**** GIVEN ENTRIES

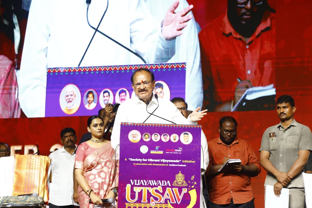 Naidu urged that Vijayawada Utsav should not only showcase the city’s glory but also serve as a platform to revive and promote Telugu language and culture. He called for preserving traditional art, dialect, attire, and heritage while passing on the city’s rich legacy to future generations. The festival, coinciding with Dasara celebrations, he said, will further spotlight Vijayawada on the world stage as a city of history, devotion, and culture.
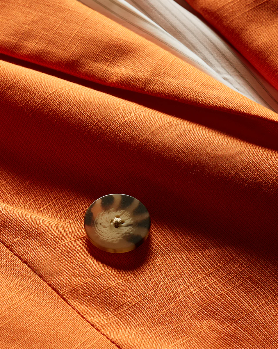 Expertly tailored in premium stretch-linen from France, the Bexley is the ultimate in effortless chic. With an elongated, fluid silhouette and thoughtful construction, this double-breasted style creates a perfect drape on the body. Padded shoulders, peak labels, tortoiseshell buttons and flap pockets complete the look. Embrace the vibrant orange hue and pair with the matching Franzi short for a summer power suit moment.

********
**** GIVEN ENTRIES

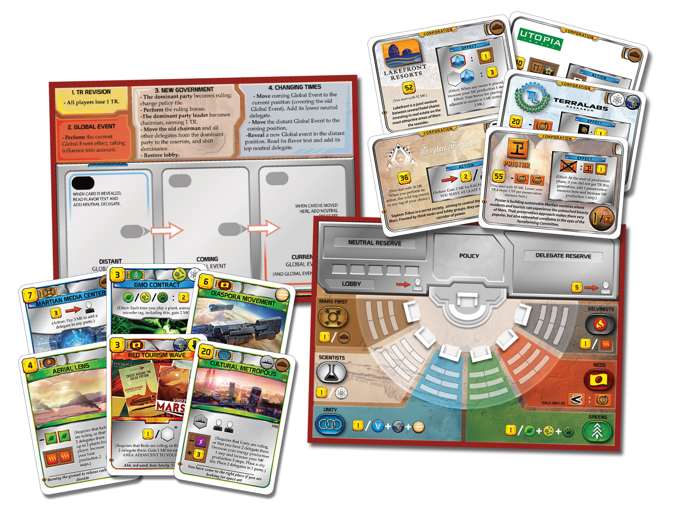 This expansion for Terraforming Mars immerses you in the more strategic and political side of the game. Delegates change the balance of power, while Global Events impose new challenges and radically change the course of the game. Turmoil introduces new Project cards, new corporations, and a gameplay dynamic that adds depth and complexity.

********

Copy everything above from the line holding "Naidu urged that" down to the line holding "Expertly tailored in", both ends included, exactly as it stands and without the pictures.

WRITTEN ANSWER:
 Naidu urged that Vijayawada Utsav should not only showcase the city’s glory but also serve as a platform to revive and promote Telugu language and culture. He called for preserving traditional art, dialect, attire, and heritage while passing on the city’s rich legacy to future generations. The festival, coinciding with Dasara celebrations, he said, will further spotlight Vijayawada on the world stage as a city of history, devotion, and culture.
 Expertly tailored in premium stretch-linen from France, the Bexley is the ultimate in effortless chic. With an elongated, fluid silhouette and thoughtful construction, this double-breasted style creates a perfect drape on the body. Padded shoulders, peak labels, tortoiseshell buttons and flap pockets complete the look. Embrace the vibrant orange hue and pair with the matching Franzi short for a summer power suit moment.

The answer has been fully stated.